等級認定後、加害者側保険会社から賠償金額の提示がされましたが、その金額は、約1400万円でした。被害者及びその親族は、賠償金額が低いのではないかと考え、ご相談を頂きました。
解決に向けた活動
後遺障害診断書等の内容を確認し、異議申立てによる立証の可能性等を考えた結果、7級4号の結果は妥当なものと捉え、賠償金額の増額に焦点を絞ることにしました。
加害者側保険会社が提示した約1400万円の内訳を確認したところ、休業損害や後遺症逸失利益については、算定した限り妥当な金額と言えるものでした。その反面、傷害慰謝料、後遺症慰謝料については、保険会社独自の基準に基づく金額であり、裁判基準に基づく金額とは乖離がありました。傷害慰謝料及び後遺症慰謝料は裁判基準によって金額が基準化されていることから、増額は求めやすいのではないかと考え、裁判基準に基づく金額を算定し、保険会社に請求しました。

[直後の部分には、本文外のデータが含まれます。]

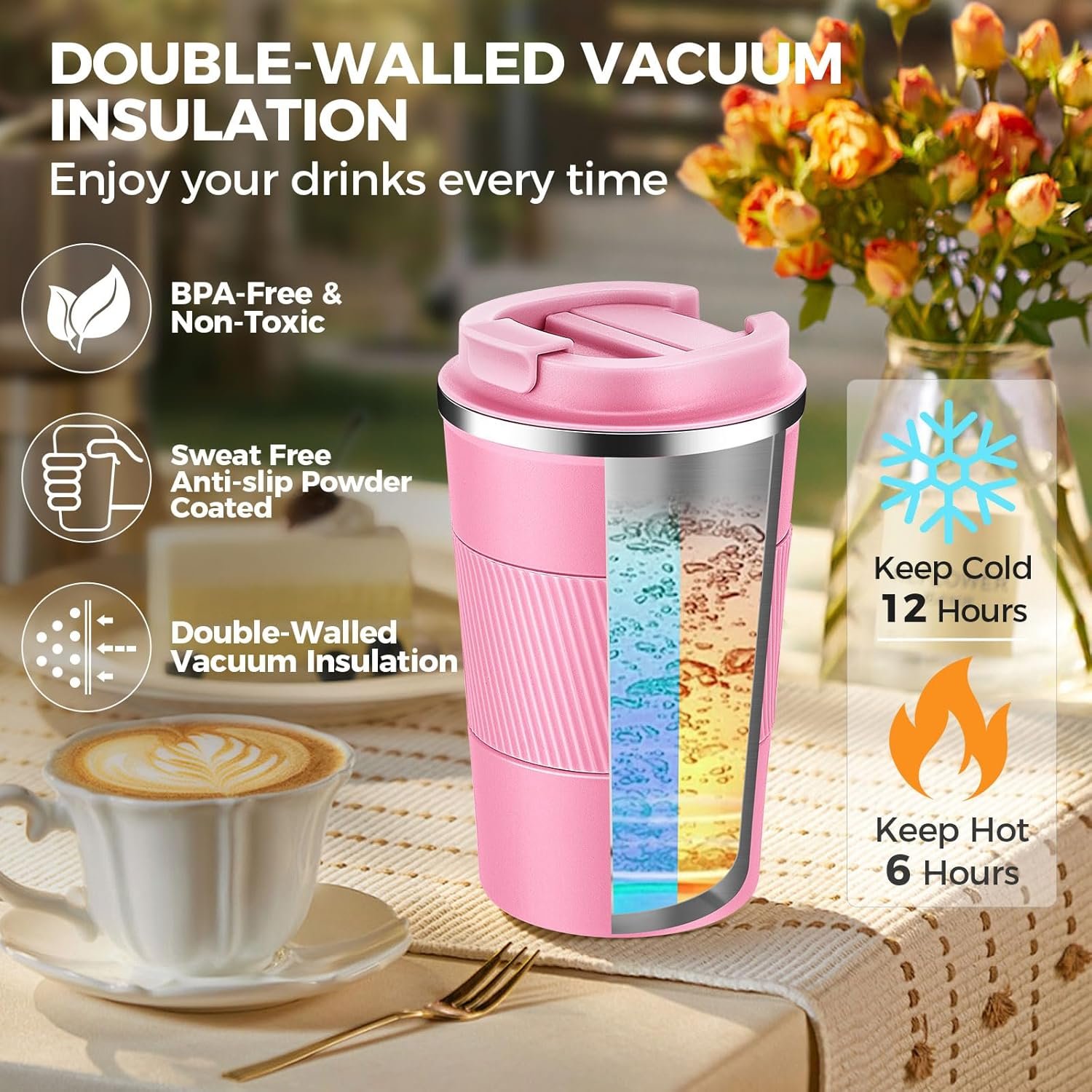 【Double Wall Insulation Technology】Volhoply Travel Coffee mugs are made with double-wall vacuum insulation technology,which can keep your drinks warm for more than 6 hours and cold for more than 12 hours,both indoors and outdoors.You can enjoy your favorite drinks for a long time,keeping every sip fresh until the last drop!

そうしたところ、初回の回答で、入院付添費や休業損害については若干の譲歩を求める内容であったものの、肝心の傷害慰謝料及び後遺症慰謝料は、裁判基準に基づく金額の満額が認められたことから、被害者も納得し、示談となりました。
解決のポイント
本件は、交通事故が発生してから数年経過している状況でした。そのため、仮に裁判(訴訟)となった場合には、遅延損害金や弁護士費用も相応の金額になることが予想されました(訴訟においては、後遺症逸失利益や傷害慰謝料、後遺症慰謝料等の他に、交通事故の発生日から起算して年5%の割合による遅延損害金や、弁護士費用として損害額の1割が認められる扱いとなっています。)。そのため、示談とならない場合は、これらの損害も上乗せする方針であることも、相手保険会社に伝えました。この意思表示が、傷害慰謝料及び後遺症慰謝料について満額回答という結果に繋がったのかもしれません。